Iran should send America a fruit basket to thank it for setting the stage so perfectly for its ascent. As a start, in 2003 the United States eliminated Iran’s major border threats: Iraq’s Saddam Hussein to the west and the Taliban in Afghanistan to the east. (The Taliban are back of course, but diligently focused on America’s puppet Afghan government.) The long slog of Washington’s wars in both those countries dulled even the reliably bloodthirsty American public’s taste for yet more of the same, and cooled off Bush-era plans in Tel Aviv and Washington for air strikes against Iran’s nuclear facilities. (After all, if even Vice President Dick Cheney couldn’t pull the trigger on Iran before leaving office in 2008, who in 2015 America is going to do so?)
Better yet for the Iranians, when Saddam was hanged in 2006, they not only lost an enemy who had invaded their country in 1980, launching a bitter war against them that didn’t end for eight years, but gained an ally in the new Iraq. As U.S. influence withered away with the failure of the March 2010 Iraqi elections to produce a broadly representative government, Iran stepped in to broker a thoroughly partisan settlement leading to a sectarian Shia government in Baghdad bent on ensuring that the country’s minority Sunni population would remain out of power forever. The Obama administration seemed nearly oblivious to Iran’s gains in Iraq in 2010 — and seems so again in 2015.
Iran in Iraq
In Tikrit, Iranian-led Shia forces recently drove the Islamic State from the city. In charge was Qassem Suleimani, the leader of the Qods Force (a unit of Iran’s Revolutionary Guards), who had previously led the brutally effective efforts of Iranian special forces against U.S. soldiers in Iraq War 2.0. He returned to that country and assembled his own coalition of Shia militias to take Tikrit. All of them have long benefited from Iranian support, as has the increasingly Shia-dominated Iraqi army.

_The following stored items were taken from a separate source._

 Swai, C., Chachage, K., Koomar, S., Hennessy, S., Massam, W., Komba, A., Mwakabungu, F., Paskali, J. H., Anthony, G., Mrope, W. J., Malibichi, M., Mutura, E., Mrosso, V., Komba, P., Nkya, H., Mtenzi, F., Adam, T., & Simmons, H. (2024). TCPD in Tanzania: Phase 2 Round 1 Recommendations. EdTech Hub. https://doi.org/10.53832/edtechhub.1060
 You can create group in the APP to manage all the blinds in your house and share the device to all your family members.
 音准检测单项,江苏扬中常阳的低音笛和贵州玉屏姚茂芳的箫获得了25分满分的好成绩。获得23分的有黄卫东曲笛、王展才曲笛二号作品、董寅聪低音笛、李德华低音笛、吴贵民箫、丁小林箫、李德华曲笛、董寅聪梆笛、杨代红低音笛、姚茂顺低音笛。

In addition, the Iranians seem to have brought in their own tanks and possibly even ground troops for the assault on the city. They also moved advanced rocket systems into Iraq, the same weapons Hamas has used against Israel in recent conflicts.
Only one thing was lacking: air power. After much hemming and hawing, when it looked like the assault on Tikrit had been blunted by well-dug-in Islamic State fighters in a heavily booby-trapped city, the Obama administration agreed to provide it.

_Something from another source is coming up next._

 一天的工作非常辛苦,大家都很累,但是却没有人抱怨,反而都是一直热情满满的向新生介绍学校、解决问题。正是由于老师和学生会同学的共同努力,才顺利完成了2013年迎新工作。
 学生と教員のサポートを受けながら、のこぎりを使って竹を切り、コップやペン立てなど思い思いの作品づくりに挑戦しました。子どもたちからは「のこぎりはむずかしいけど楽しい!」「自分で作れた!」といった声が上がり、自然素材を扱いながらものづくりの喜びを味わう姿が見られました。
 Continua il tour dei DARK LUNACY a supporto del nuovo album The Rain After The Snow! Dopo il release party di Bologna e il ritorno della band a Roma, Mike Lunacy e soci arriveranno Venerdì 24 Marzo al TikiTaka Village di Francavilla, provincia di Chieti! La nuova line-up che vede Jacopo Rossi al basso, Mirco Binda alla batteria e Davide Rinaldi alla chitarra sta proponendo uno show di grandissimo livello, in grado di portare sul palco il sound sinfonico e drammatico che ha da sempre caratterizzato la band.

On the U.S. side, the air of desperation around the decision to launch air strikes on Tikrit was palpable. You could feel it, for instance, in this statement by a Pentagon spokesperson almost pleading for the Iraqi government to favor Washington over Tehran: “I think it’s important that the Iraqis understand that what would be most helpful to them is a reliable partner in this fight against IS. Reliable, professional, advanced military capabilities are something that very clearly and very squarely reside with the coalition.”

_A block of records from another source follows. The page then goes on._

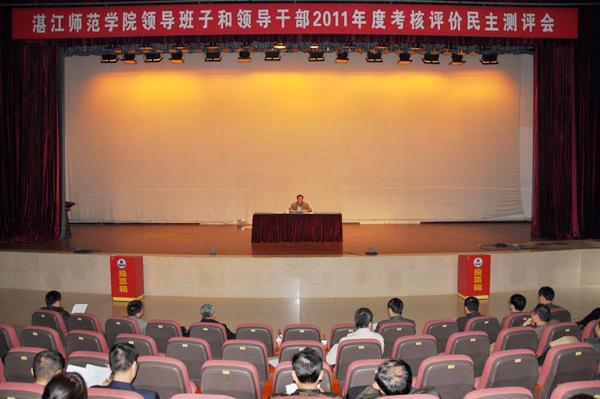 湛师新闻网3月3日讯 1日下午,我校在音乐厅召开领导班子和领导干部2011年度述职测评大会。校领导梁英、罗海鸥、刘海涛、黄钢、李永全、刘周堂、李江凌、邵乐喜,全校副处(含相当)以上干部、正高级专业技术职称人员和各类代表、各民主党派负责人、党代会代表、教代会代表、博士和中青年教工代表、离退休教工代表、民主评议干部工作委员会成员、各级人大代表和政协委员代表等270多人出席了会议。校党委梁英书记主持大会,并代表学校领导班子作了述职报告。与会人员在聆听了领导班子和领导干部的述职后,以无记名投票方式对他们进行了民主测评。
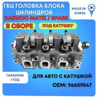 Головка блока ГБЦ на Дэу Матиз 0,8 под катушку Daewoo Matiz 0,8 новая, в сборе, с клапанами, с распредвалами, полностью готова к установке, 2002, 2003, 2004, 2005, 2006, 2007, 2008, 2009, 2010, 2011, 2012 год.
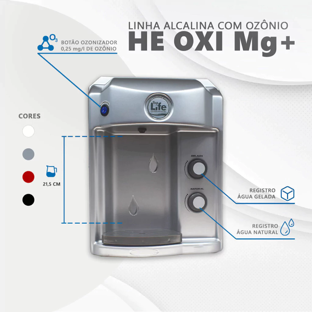 - O purificador HE OXI Mg+ da TOP LIFE não é apenas um filtro, ele é uma supermáquina capaz de deixar a água purificada, alcalina (com adição extra de Magnésio), ionizada, refrigerada e ozonizada.
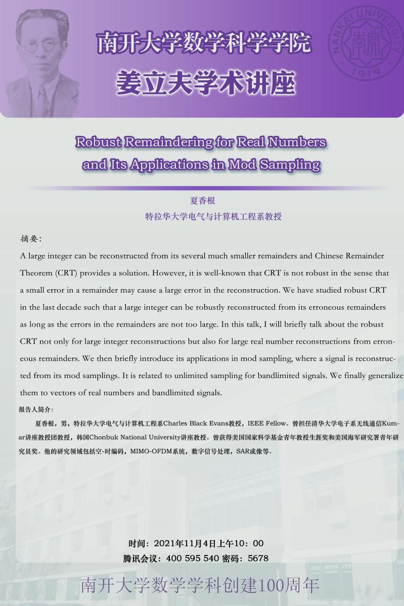 【姜立夫学术讲座】Robust Remaindering for Real Numbers and its Applications in Mod Dampling
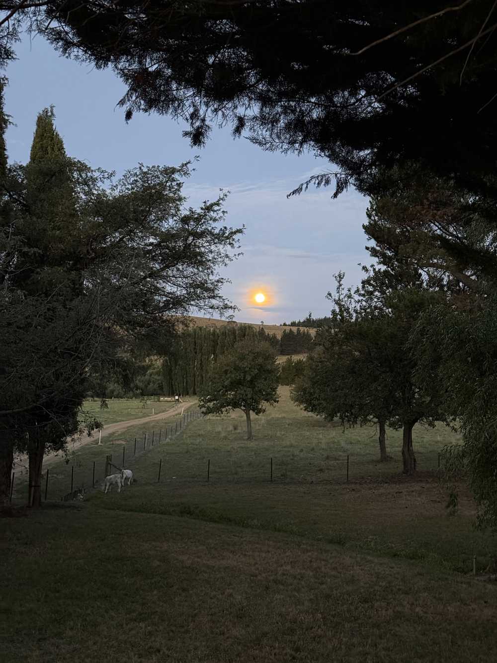 Our retired work dog relaxing at the end of the day by a fire, with the amazing winter solace sunset. What a place to live.
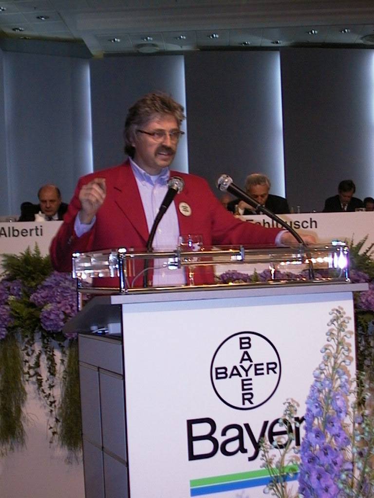 Als der Vorstandsvorsitzende auf die zahlreichen Gegenanträge zu sprechen kam, die „die bekannte Gruppierung“ zu Themen wie „gefährliche Pestizide“ oder „Ausgliede- rungen“ einbrachte, bemühte er sich nicht einmal mehr um Sprachkosmetik. Schneider recycelte einfach seine Worthülsen aus vergangenen Hauptversammlungen. „Die Hauptversammlung ist nicht der Ort, um über wissenschaftliche Fachfragen zu debattieren“, war einer dieser altgedienten Textbausteine.Die Gegenanträge nannte er „einseitig“, „unsinnig“ und „rechtlich fragwürdig“ und „ unbegründet“ – die alte BAYER-Leier.
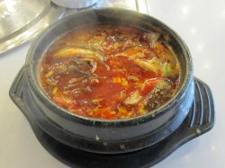 地址: 朝阳区东大桥路10号世界城商业街D栋1楼位置有点稍微的不好找。因为是在楼的东边不临街,要稍微绕一下开能看到的。餐厅一共有2层。我们去的时候11点多没有什么人。所以就在一层了。但是1层稍微有点热。环境还是很不错的。因为是大中午的。而且天然也热。就没有吃烤肉。餐前小菜挺丰富了。上了5、6种,喜欢这种餐前的开胃菜。尤其喜欢那个土豆泥。软糯香甜。很好吃。我又跟服务员要了一碗吃呢。辣牛肉汤 热乎乎的一碗牛肉汤啊。里面配菜很丰富。蘑菇、豆芽、粉条还有牛肉丝和蛋花。汤的颜色红红的,看着辣。但是吃起来没有那么辣。再搭配一碗米饭,味道特别好。 青椒炒鱿鱼 这道菜颜色很漂亮。鲜红的颜色。应该是用韩国辣酱炒的。青椒很脆。鱿鱼刀花切的很好看。口感香脆鲜。紫菜包饭 这个造型很漂亮。看着都不忍心吃了呢。里面有鸡蛋、香肠黄瓜 。味道香浓。米饭软糯,黄瓜爽脆。味道很好呢。美食体验总结:服务不错。小菜很地道。牛肉汤很入味。地方特色浓郁。值得品尝的一家韩式餐厅。下次去试试烤肉哦。…查看更多
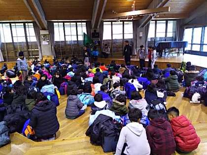 入所式です。元気に校歌を歌い,山の家の所員さんのお話を聞きました。安全や挨拶など大事なお話をしっかりきくことができました。

Imagine if you had told an American soldier — or general — leaving Iraq in 2011 that, just a few years later in the country where he or she had watched friends die, the U.S. would be serving as Iran’s close air support. Imagine if you had told him that Washington would be helping some of the same Shia militias who planted IEDs to kill Americans go after Sunnis — and essentially begging for the chance to do so. Who would’ve thunk it?
The Limits of Air Power 101
The White House no doubt imagined that U.S. bombs would be seen as the decisive factor in Tikrit and that the sectarian government in Baghdad would naturally come to… What? Like us better than the Iranians?
Bizarre as such a “strategy” might seem on the face of it, it has proven even stranger in practice. The biggest problem with air power is that, while it’s good at breaking things, it isn’t decisive. It cannot determine who moves into the governor’s mansion after the dust settles. Only ground forces can do that, so a victory over the Islamic State in Tikrit, no matter what role air strikes played, can only further empower those Iranian-backed Shia militias. You don’t have to be a military expert to know that this is the nature of air power, which makes it all the more surprising that American strategists seem so blind to it.
As for liking Washington better for its helping hand, there are few signs of that. Baghdad officials have largely been silent on America’s contribution, praising only the “air coverage of the Iraqi air force and the international coalition.” Shia militia forces on the ground have been angered by and scornful of the United States for — as they see it — interfering in their efforts to take Tikrit on their own.
The victory in that city will only increase the government’s reliance on the militias, whom Prime Minister Haider al-Abadi now refers to as “popular volunteers,” rather than the still-limited number of soldiers the Americans have so far been capable of training. (The Pentagon might, by the way, want to see if Iran can pass along any training tips, as their militias, unlike the American-backed Iraqi army, seem to be doing just fine.) That also means that the government will have no choice but to tolerate the Shia militia atrocities and acts of ethnic cleansing that have already taken place in Sunni Tikrit and will surely follow in any other Sunni areas similarly “liberated.” Claims coming out of Washington that the U.S. will be carefully monitoring the acts of Iraqi forces ring increasingly hollow.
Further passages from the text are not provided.